Then there came a time when the Shelf Elf put me to shame…
Instead of a cute little note card, Peppermint Holly decided that her actions needed a bigger explanation and left a whole letter for the kids.
“My Dear Hardy Friends,
As I prepare to travel with Santa tonight, I wanted to make sure I took the chance to really ponder on the true meaning of Christmas.
I borrowed your mom’s scriptures and read the real Christmas story last night while it was quiet and I really had time to ponder. The story is found in Luke.
I’ve been thinking a lot about Joseph and the kind of man he really must’ve been to care for Mary during pregnancy and to help raise Jesus. Neither one could’ve been easy. He must’ve been a very special man.
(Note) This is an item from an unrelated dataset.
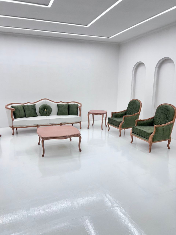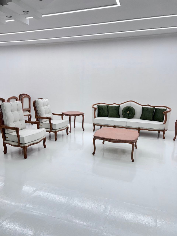 | * ترکیب خاص نشیمن: یک کاناپه ۳ نفره و چهار مبل تک نفره (توزیع بهتر نشیمن). | * ظرفیت: ۸ نفره |

I hope you will each take time to read the real Christmas Story and ponder what you read. It’s the real reason we celebrate the season and there’s a reason it’s so very special.”
I found it interesting that Peppermint Holly’s focus was on Joseph. I’ve always admired him. My thoughts, however, have been with Mary this holiday season. I fully admit that it’s most likely due to the fact that I am round with child as well.
I’ve only been ‘really’ pregnant around Christmas time one other time and that was with Shaylyn. But at that point in my life, I wasn’t too much of a thinker. Things were just how they were and that was that. At this point in my life, I spend a lot of time thinking about different things. And particularly at this point my thought are on my baby and this pregnancy.
While overall and compared to most, this pregnancy hasn’t been difficult – it has been for me. It’s drained most any energy I have and any random, stupid issue that happens with pregnancy – I’ve had. But, I have a soft, warm bed to spend all day in and in a warm house. I have kids around me that can grab things when I need something and a husband who really lets me get away with a lot.
Mary’s life wasn’t so easy. I can’t imagine riding on a donkey miles away to a new city. Even the car annoys me at times. Then they find out the only place they can stay is in a place where you keep animals, ugh. The smell alone would be hard enough to handle. Poor Mary has to deliver this baby in such a cold, uninviting environment and yet she still does so without complaint.
I can see so many reasons why God chose Mary to be the mother of Jesus. A lot of us tend to yeild to the natural man and complain about things we don’t think are right or complain when we think life hasn’t been fair to us.
Thinking of Mary, I want to make a better effort to be what the Lord would like me to be. To complain less about frivolous things. To try to be the person that the Lord knows I can be. It’ll take a lot of work, but things that are worth it always do.